Location
- 63 Keady Road Armagh, County Armagh, BT60 3AS Northern Ireland
- Coordinates: 54°19′52″N 6°39′30″W﻿ / ﻿54.3310°N 6.6583°W

Information
- Type: Integrated
- Motto: Together We Can Make A Difference
- Established: 2004
- Status: Closed
- Closed: 2009
- Principal: Dominic Clark
- Gender: Co-Educational
- Age: 11 to 18
- Enrolment: 200+

= Armagh Integrated College =

Armagh Integrated College was an integrated school in Armagh City, County Armagh, Northern Ireland.

The college began when a group of local parents from both Catholic and Protestant traditions came together to seek integrated second level provision in the Armagh City area. The college was an all-ability, co-educational school and was open to all children.

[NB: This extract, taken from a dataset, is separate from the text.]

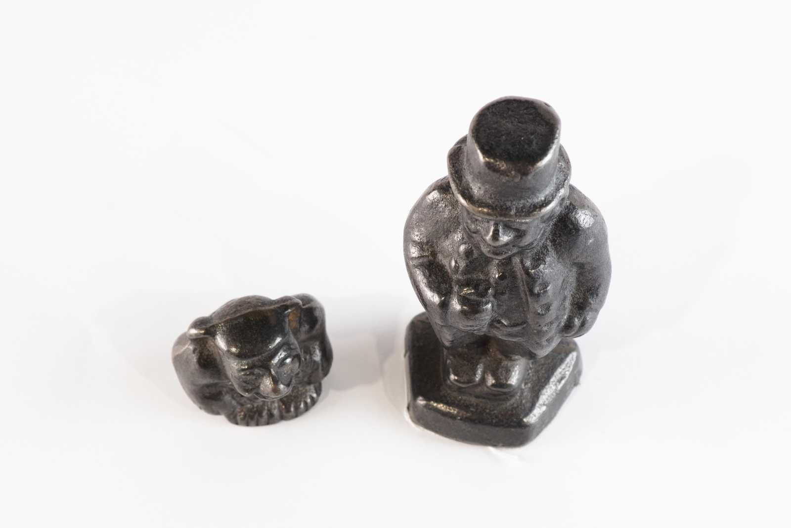 Bilder SKULPTURER 2st gjutjärn. Stämplade K.G. H:13,5cm största.
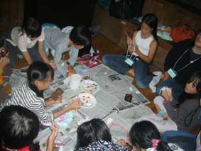 日本聖公会京都教区主催の小学生キャンプには当教会から吉川愛永(小6)、松本優平、山口順帆、吉村真綾(小4)の4名が参加しました。製作ではランプシェード作り。また一メートル八〇センチもある韓国のり巻きを作ってみんなで食べました。年に一度しか顔を合わすことのない仲間ですが、来年の再会を誓い合いました。

The school was opened in October 2004 by former Secretary of State for Northern Ireland, Mo Mowlam. It brought secondary level integrated education to the Armagh area, with many new students coming from the local integrated primary school (Saints and Scholars Integrated) and other schools. Due to falling enrollment, the school closed in August 2009. Michael Wardlow, the chief executive of the Northern Ireland Council for Integrated Education, said that the council trusts "that parents will consider keeping their children within the integrated family of schools and would encourage them to view Integrated College Dungannon, which has ably served both communities since 1995 as their future integrated option."